Oh, the transitory nature of life. My prayers are before the Father of lights, who is the giver of all good gifts, for those of our church family who have suffered loss over the last several days. Carmen Hodnett lost her father last week. Charlie and Janis Ruhl had a niece suffer death. Jeanette Woodall, Kay Baker and Helen Conolty all suffered the loss of a sister. Charlie Boyd had a brother-in-law die. Shelley Thomson experienced the loss of her mother. Shelby Horn had two cousins die within days of each other. Last Tuesday evening, Charbeth Mills experienced the sad loss of her father. Then, Thursday our world was turned upside down with the accidental death of our Canon Callender.

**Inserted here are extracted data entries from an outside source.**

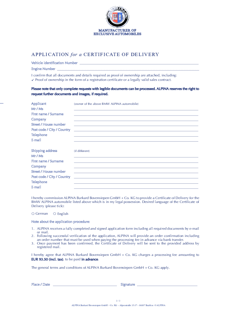 Get the free CERTIFICATE OF DELIVERY - ALPINA Automobiles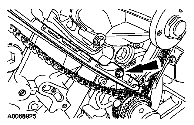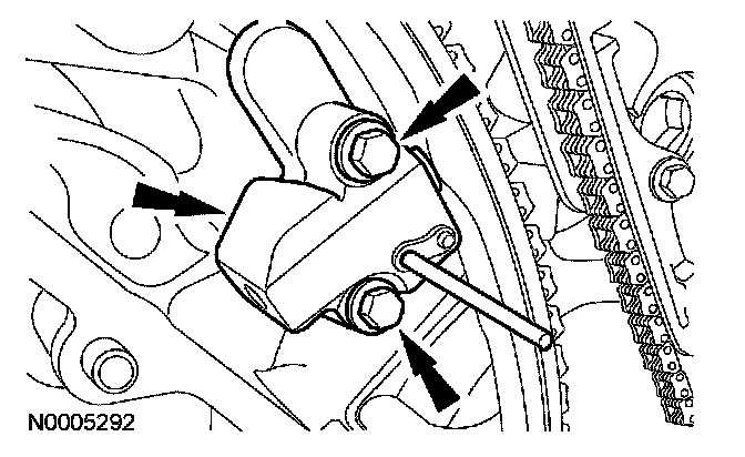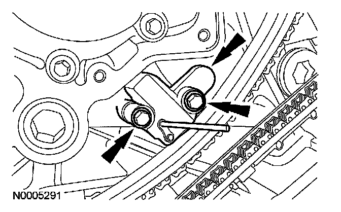 5. Install the RH secondary timing chain tensioner and 2 bolts.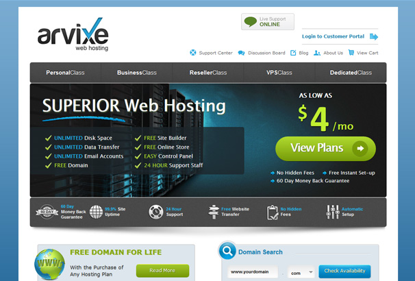 Arvixe’s hosting plans start at $4 per month and include a free domain name for life. They also offer a 60-day money back guarantee.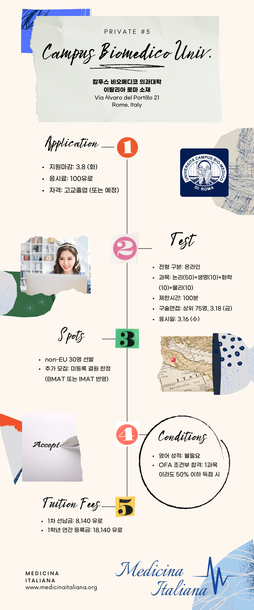 [로마©Medu.News] 지난 12.21부터 시작된 캄푸스 비오메디코 (*바이오메디컬 캠퍼스 로마) 의과대학 2022-2023 학년도 신입생 모집에 따른 입시 특징은 다음과 같다.

Why is it that the mention of the word “death” is so frightening to us? Is it the separation? The finality? Is it the fear of the unknown? Certainly, all of these play a role in promoting fear of death. But, death is a part of life. For the Christian, it holds a magnetic allure of anticipation. Knowing what will happen after, the opportunity to have a new body, an immortal one that will never need medical assistance. Never will there be decay. Knowing all that, Paul said, “When the perishable puts on the imperishable, and the mortal puts on immortality, then shall come to pass the saying that is written: ‘Death is swallowed up in victory.’ ‘O death, where is your victory? O death, where is your sting?’” (1 Corinthians 15:54–55 ESV) These verses tell us that when the day comes of our departure, with all the dread we may have incurred about it throughout our lives, once it happens, the first thing we will think is, “Why, that was no big deal! There was no sting like everybody said it would be, only victory!!”
Death can hold promise of greater things. While it is not ours to determine who will or will not be there, heaven holds much attraction to us due to the earnest belief that obedience to God’s Word will bring about that end. Thus, we ascribe ourselves to this eventuality with anticipation of being forever more with God.